Exercise data —
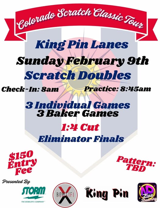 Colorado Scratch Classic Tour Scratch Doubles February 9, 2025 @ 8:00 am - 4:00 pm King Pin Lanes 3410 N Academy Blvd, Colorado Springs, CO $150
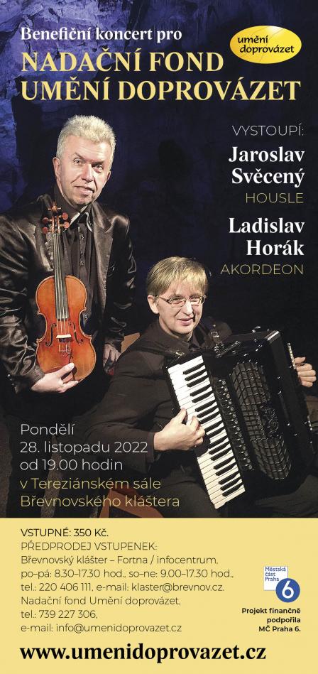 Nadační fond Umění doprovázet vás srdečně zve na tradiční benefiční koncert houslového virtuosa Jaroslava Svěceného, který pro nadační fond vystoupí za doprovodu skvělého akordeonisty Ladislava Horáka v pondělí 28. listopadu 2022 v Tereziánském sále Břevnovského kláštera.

* * *

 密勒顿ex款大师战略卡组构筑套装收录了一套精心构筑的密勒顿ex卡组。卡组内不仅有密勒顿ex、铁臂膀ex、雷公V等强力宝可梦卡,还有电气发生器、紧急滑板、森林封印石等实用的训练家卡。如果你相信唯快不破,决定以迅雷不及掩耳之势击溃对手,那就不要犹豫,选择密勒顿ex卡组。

--

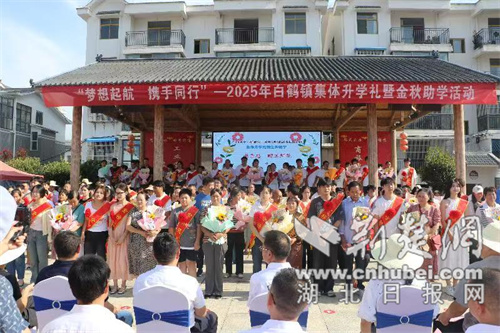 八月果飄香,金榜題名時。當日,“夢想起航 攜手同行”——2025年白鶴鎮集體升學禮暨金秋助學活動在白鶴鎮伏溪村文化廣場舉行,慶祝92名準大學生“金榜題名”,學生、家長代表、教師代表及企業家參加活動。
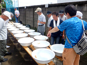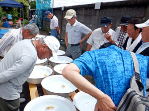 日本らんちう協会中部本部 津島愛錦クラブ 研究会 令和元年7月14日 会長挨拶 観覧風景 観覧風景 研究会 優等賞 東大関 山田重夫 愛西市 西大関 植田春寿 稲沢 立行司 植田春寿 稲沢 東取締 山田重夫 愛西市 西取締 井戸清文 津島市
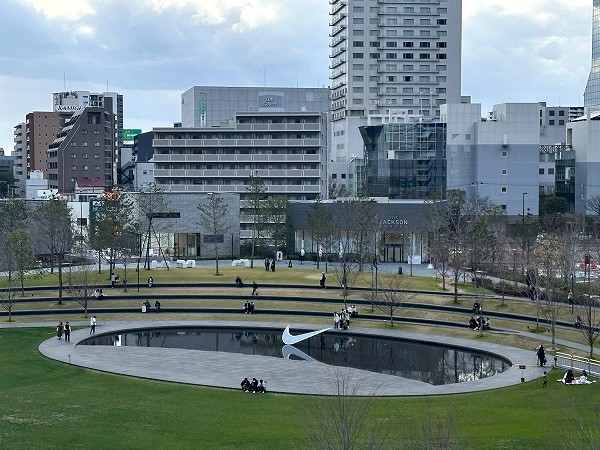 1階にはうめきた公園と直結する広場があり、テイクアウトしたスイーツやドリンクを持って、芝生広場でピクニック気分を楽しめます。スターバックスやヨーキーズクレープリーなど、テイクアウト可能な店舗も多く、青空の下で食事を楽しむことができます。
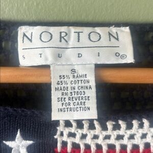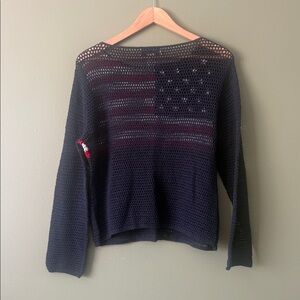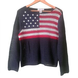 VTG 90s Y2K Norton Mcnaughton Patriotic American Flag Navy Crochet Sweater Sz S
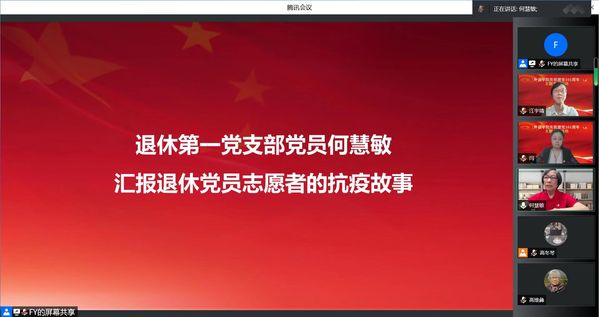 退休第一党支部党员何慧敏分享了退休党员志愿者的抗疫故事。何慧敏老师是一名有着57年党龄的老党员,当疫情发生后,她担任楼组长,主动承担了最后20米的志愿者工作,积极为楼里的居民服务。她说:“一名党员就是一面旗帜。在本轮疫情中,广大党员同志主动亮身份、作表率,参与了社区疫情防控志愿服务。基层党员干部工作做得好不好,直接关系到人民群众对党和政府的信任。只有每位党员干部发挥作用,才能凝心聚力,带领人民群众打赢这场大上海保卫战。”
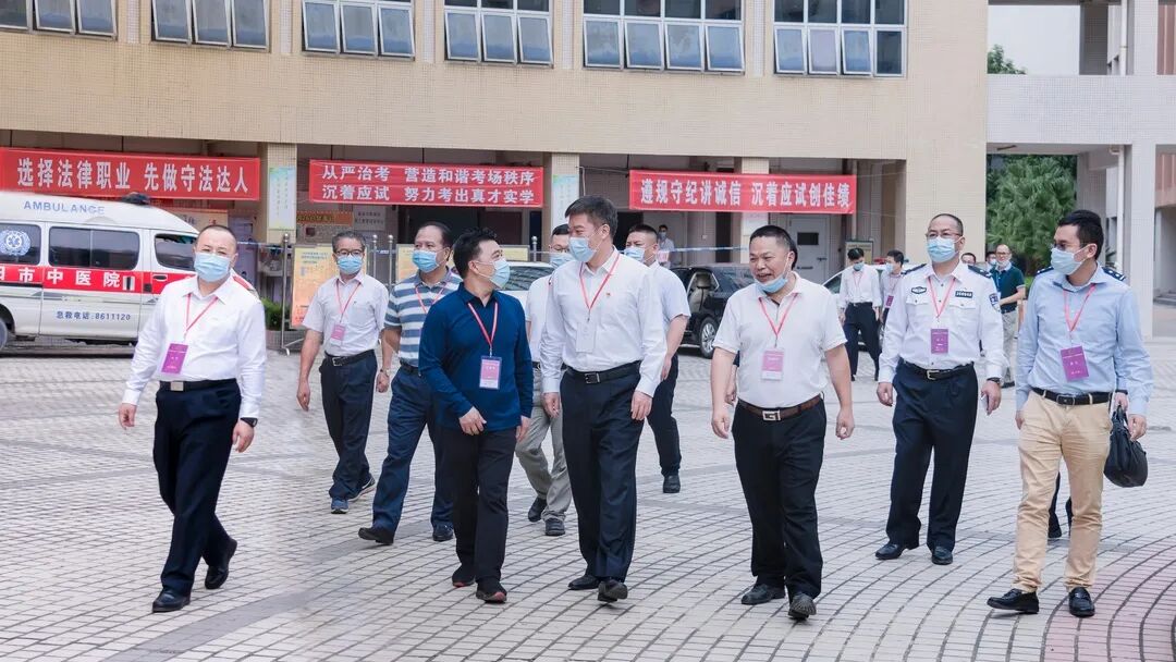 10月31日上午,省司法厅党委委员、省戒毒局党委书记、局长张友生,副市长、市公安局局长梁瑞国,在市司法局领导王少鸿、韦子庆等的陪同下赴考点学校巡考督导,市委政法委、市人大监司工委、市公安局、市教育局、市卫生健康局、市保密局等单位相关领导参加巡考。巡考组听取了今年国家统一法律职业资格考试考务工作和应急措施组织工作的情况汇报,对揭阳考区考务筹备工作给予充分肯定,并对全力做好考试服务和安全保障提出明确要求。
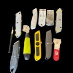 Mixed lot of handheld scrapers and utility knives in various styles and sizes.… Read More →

What is needed — Leave out every picture, and copy exactly the lines above starting at the one holding "VTG 90s Y2K" and ending at the one holding "退休第一党支部党员何慧敏分享", no more and no less.

Exercise result —
 VTG 90s Y2K Norton Mcnaughton Patriotic American Flag Navy Crochet Sweater Sz S
 退休第一党支部党员何慧敏分享了退休党员志愿者的抗疫故事。何慧敏老师是一名有着57年党龄的老党员,当疫情发生后,她担任楼组长,主动承担了最后20米的志愿者工作,积极为楼里的居民服务。她说:“一名党员就是一面旗帜。在本轮疫情中,广大党员同志主动亮身份、作表率,参与了社区疫情防控志愿服务。基层党员干部工作做得好不好,直接关系到人民群众对党和政府的信任。只有每位党员干部发挥作用,才能凝心聚力,带领人民群众打赢这场大上海保卫战。”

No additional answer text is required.